──────── Given data ────────

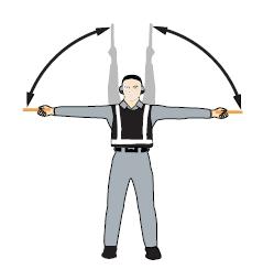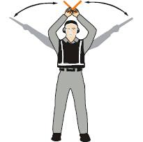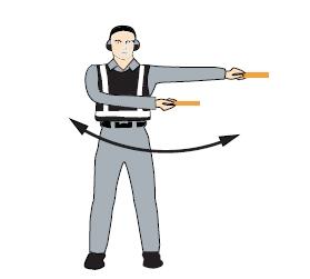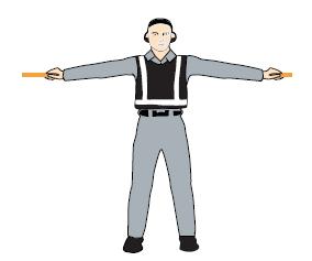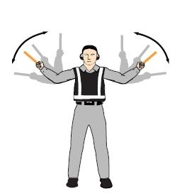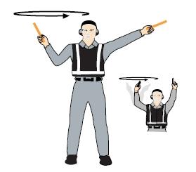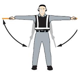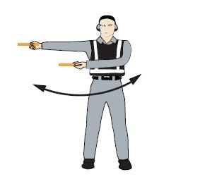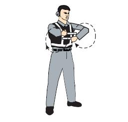 雙臂水平外伸,掌心朝下,向下招手,雙臂移動速度表示上升率大小 向下移動(下降高度) 一臂水平指向右側(cè), 另一臂反復(fù)向所指方向揮動,示意直升機(jī)應(yīng)向左移動(轉(zhuǎn)向)向左移動(轉(zhuǎn)向) 一臂水平指向左側(cè), 另一臂反復(fù)向所指方向揮動,示意直升機(jī)應(yīng)向右移動(轉(zhuǎn)向)向右移動(轉(zhuǎn)向)
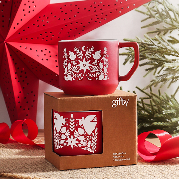 Святкова чашка українського виробництва зігріє затишним принтом та підніме настрій, а також допоможе підтримати економіку України. Колекція з різдвяними роботами художниці Альбіни Колесніченко із зображенням сучасних близьких для кожного образів. Вони підбадьорюють своїм смислом, надихають мріяти або змушують зупинитися та насолодитися миттю. Ця чашка стане чудовим подарунком родичам, друзям чи собі, як обов'язковий аксесуар для підтримки тепла у серці.
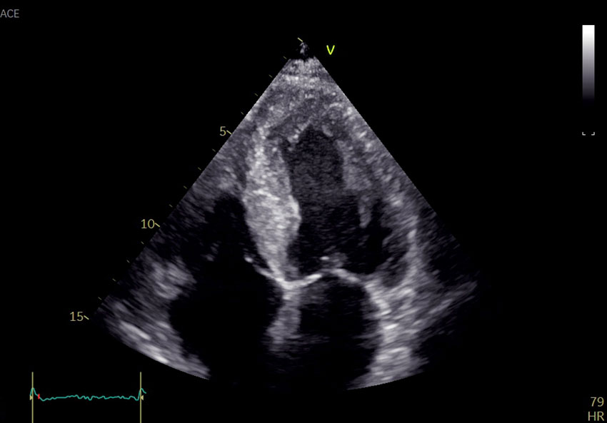 A man in his seventies was referred to a regional hospital for echocardiography and invasive coronary angiography as part of kidney transplant recipient workup. The patient had stage 5 chronic kidney disease and was receiving peritoneal dialysis. He did not have diabetes or hypertension. He had had stable monoclonal gammopathy of undetermined significance (MGUS) for 20 years. A renal biopsy taken ten years previously had revealed nephrosclerosis, but no deposition disease. Two years prior to the current admission, the patient had a cerebral stroke with sequelae in the form of dysarthria. Echocardiography at that time revealed mild left ventricular hypertrophy and diastolic dysfunction. He was receiving anticoagulant treatment with apixaban for permanent atrial fibrillation. He became generally fatigued on physical activity, but did not develop functional dyspnoea or chest pain.

────────

* [Problem description]: Repeat the listing verbatim, pictures excluded.

* [Exercise response]:
 雙臂水平外伸,掌心朝下,向下招手,雙臂移動速度表示上升率大小 向下移動(下降高度) 一臂水平指向右側(cè), 另一臂反復(fù)向所指方向揮動,示意直升機(jī)應(yīng)向左移動(轉(zhuǎn)向)向左移動(轉(zhuǎn)向) 一臂水平指向左側(cè), 另一臂反復(fù)向所指方向揮動,示意直升機(jī)應(yīng)向右移動(轉(zhuǎn)向)向右移動(轉(zhuǎn)向)
 Святкова чашка українського виробництва зігріє затишним принтом та підніме настрій, а також допоможе підтримати економіку України. Колекція з різдвяними роботами художниці Альбіни Колесніченко із зображенням сучасних близьких для кожного образів. Вони підбадьорюють своїм смислом, надихають мріяти або змушують зупинитися та насолодитися миттю. Ця чашка стане чудовим подарунком родичам, друзям чи собі, як обов'язковий аксесуар для підтримки тепла у серці.
 A man in his seventies was referred to a regional hospital for echocardiography and invasive coronary angiography as part of kidney transplant recipient workup. The patient had stage 5 chronic kidney disease and was receiving peritoneal dialysis. He did not have diabetes or hypertension. He had had stable monoclonal gammopathy of undetermined significance (MGUS) for 20 years. A renal biopsy taken ten years previously had revealed nephrosclerosis, but no deposition disease. Two years prior to the current admission, the patient had a cerebral stroke with sequelae in the form of dysarthria. Echocardiography at that time revealed mild left ventricular hypertrophy and diastolic dysfunction. He was receiving anticoagulant treatment with apixaban for permanent atrial fibrillation. He became generally fatigued on physical activity, but did not develop functional dyspnoea or chest pain.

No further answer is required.